Wilesmith and his team learned from herdsmen that several recent changes had been made to livestock diets. The first was a significant increase (from 1 percent to 12 percent) in the amount of meat and bone meal added to dairy cow feed. Calves were also receiving the protein supplement at an earlier age. As in other spongiform encephalopathies, there appeared to be a direct correlation between the amount of contaminated material ingested and the likelihood of contracting BSE. Similarly, the incubation period for BSE was apparently shorter in younger animals. In theory, then, before industry-wide changes in diet were implemented, calves received less of the contaminated supplement and did not start ingesting it until later in their lives. As a consequence, infected animals would have been slaughtered before they had a chance to get sick.
The results of Wilesmith’s epidemiological study were presented to ministry officials in May 1988. He told them that the BSE problem could be traced to the popular nutritional supplement that had been contaminated with sheep scrapie. This material had subsequently been fed to cows, sickening them. In retrospect, Wilesmith’s detective work was remarkably efficient, but ultimately his belief that BSE and scrapie were one in the same disease would place British consumers in peril for over a decade.
Back from New Guinea in 1963, Carleton Gajdusek realized that his fellow researchers had been correct about the striking similarities between kuru-infected brains, brains from victims of Creutzfeldt-Jakob disease, and those from sheep with scrapie. The puzzle was just beginning to come together when yet another piece was discovered—but this one was several decades old.

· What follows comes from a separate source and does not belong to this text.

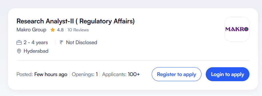 Regulatory Affairs Job in Hyderabad at Makro Group for regulatory affairs role. Apply online for pharma research and clinical trial analysis job.
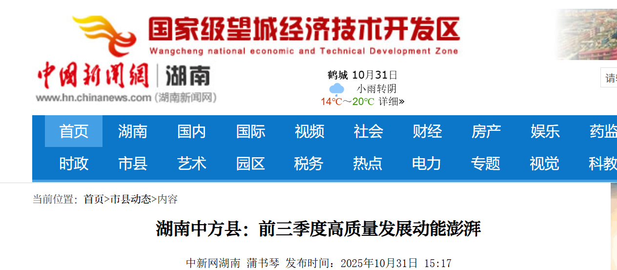 中新网湖南新闻10月31日电 (蒲书琴)希望的田野上稻浪翻金、硕果盈枝,处处洋溢着五谷丰登的喜悦;重点项目工地上,塔吊林立勾勒出跃动的天际线;现代化产业园区内,机械轰鸣奏响产业升级的乐章;焕发新生的荆坪古村内,“央视效应”加持,四海八方的游客慕名而来……10月,湖南怀化市中方县处处涌动着发展的热潮与丰收的喜悦。

In 1947, an outbreak of what would become known as transmissible mink encephalopathy (TME) in farm-raised mink led investigators to search for links between the ranches where infected animals had been identified. They discovered that it was a common practice for adjacently located ranches to share animal feed. In these instances, when mink from one ranch came down with TME, invariably so did animals from the adjacent ranch. The feed itself was a vile mess composed of cereal, fish, meatpacking plant by-products like sheep entrails and other internal organs, and flesh from downer cattle. By the time another outbreak of TME occurred in 1963, veterinary researchers suspected that something very strange had happened—the disease had been transmitted across species, in this case from sheep to mink.
By September 1963, similarities in kuru-, scrapie-, and TME-infected brain tissue, coupled with the discovery that TME and scrapie could be transmitted within and between species, led Gajdusek and NIH researcher Joe Gibbs to an important experiment. At the Patuxtent, Maryland, lab they inoculated a trio of chimpanzees with liquefied brain tissue from kuru victims. If the chimps came down with the disease, it would prove once and for all that kuru was not a genetic abnormality or a stress-related psychosis, but an infectious or transmissible agent. As the antsy Gajdusek left the U.S. for another field season in New Guinea, he worried about the long, symptom-free incubation period for scrapie, which sometimes extended up to five years post-exposure. What if his experimental animals didn’t get sick for five years or more?
Gajdusek need not have worried. Less than two years after being inoculated, two of the chimps, Georgette and Daisy, began showing the telltale signs of kuru—at first a drooping lower lip in Georgette, and then changes in behavior as both primates became more lethargic. Eventually the apes began to show even more clear symptoms of the disease: occasional unsteadiness and trembling followed by a gradual loss of balance.
When informed of these developments, Gajdusek was excited but cautious, worrying that the chimps might have been accidentally contaminated with scrapie. His coworkers assured him that there had been no contamination. As the researcher alternated between elation and skepticism, back in Maryland the physical deterioration of the chimps continued at a frightening pace. Only four months after the first symptoms appeared, Georgette and Daisy were almost completely paralyzed. With Gajdusek carrying out field work in one of the most isolated regions in the world, his coworkers called in a neuropathologist from London to assist with the post-mortem analysis.
On October 28, 1965, Georgette was anesthetized and sacrificed by the heartbroken researchers. Her entire body was deconstructed, fixed, and preserved, and her brain was sectioned for microscopic analysis. The results were 100 percent conclusive. Slides of Georgette’s cerebellum were indistinguishable from those of human kuru victims.
Carleton Gajdusek and his colleagues had discovered a brand new disease.